Tom MacWright

tom@macwright.com

soapbox: longitude, latitude is the right way

opinionated software is only cool if you have cool opinions - Tom MacWright

Here’s a list of which software packages expect longitude first and which other ones expect latitude first. Which is correct is a matter of opinion.

My opinion is that longitude should be first. If you need to represent a position as an ordered pair, the order should be [longitude, latitude].

Why?

Data formats are harder and slower to change than software, and almost every geospatial format puts longitude first. Once you put a specification out there, releasing a new version of that specification is fraught; most formats are published once and never modified. The only geospatial formats I know of that put latitude first are the ‘simple’ version of GeoRSS1 and the Google Encoded Polyline algorithm.2 Simple GeoRSS is incredibly rare: the non-simple type of GeoRSS uses GML as its geographic encoding, and GML doesn’t have a coordinate ordering.

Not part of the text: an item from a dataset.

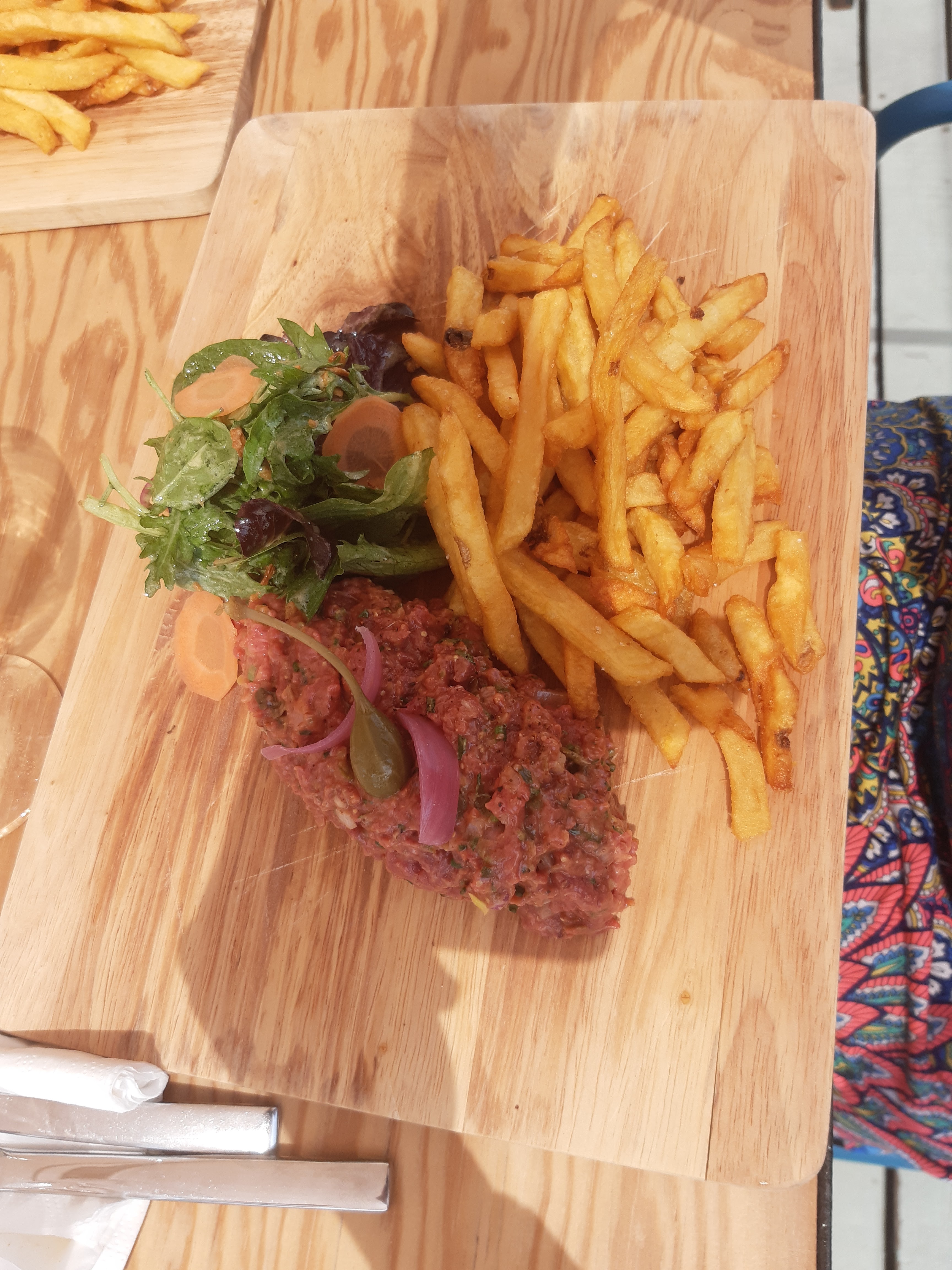 Bravo pour la cuisine : c'est le meilleur steak tartare que l'on ai mangé ! L'emplacement est très bien : au bord de l'eau. L'équipe est à la fois sympa et pro. Pensez à réserver une table, les places partent vite.

Encoded polylines encode coordinates in text, so it’s hard to say that they even have an ordering or if that’s just an implementation detail.

Longitude, latitude ordering is sometimes chalked up as something weird that the new GeoJSON format does. Longitude-first has been the case ever since the ancient WKT format, it’s the ordering in the industry-standard Shapefile, and also the order in that user-friendly KML format you use with Google Maps.

Almost all open source software uses longitude, latitude ordering. The only current exception is Leaflet3, which owes its ordering decision to the early-on goal of being very similar to the Google Maps SDK.

If you include altitude in your position, then latitude-first gives you YXZ, which is nonsense. Similarly, latitude, longitude is the equivalent of YX ordering, which is the opposite of what an ordered pair in mathematics is by default. Similarly width × height is the more popular way to make measurements.


If you’re deciding which order to store coordinates in, choose longitude, latitude. With our powers combined, we can finally standardize on the one true ordering.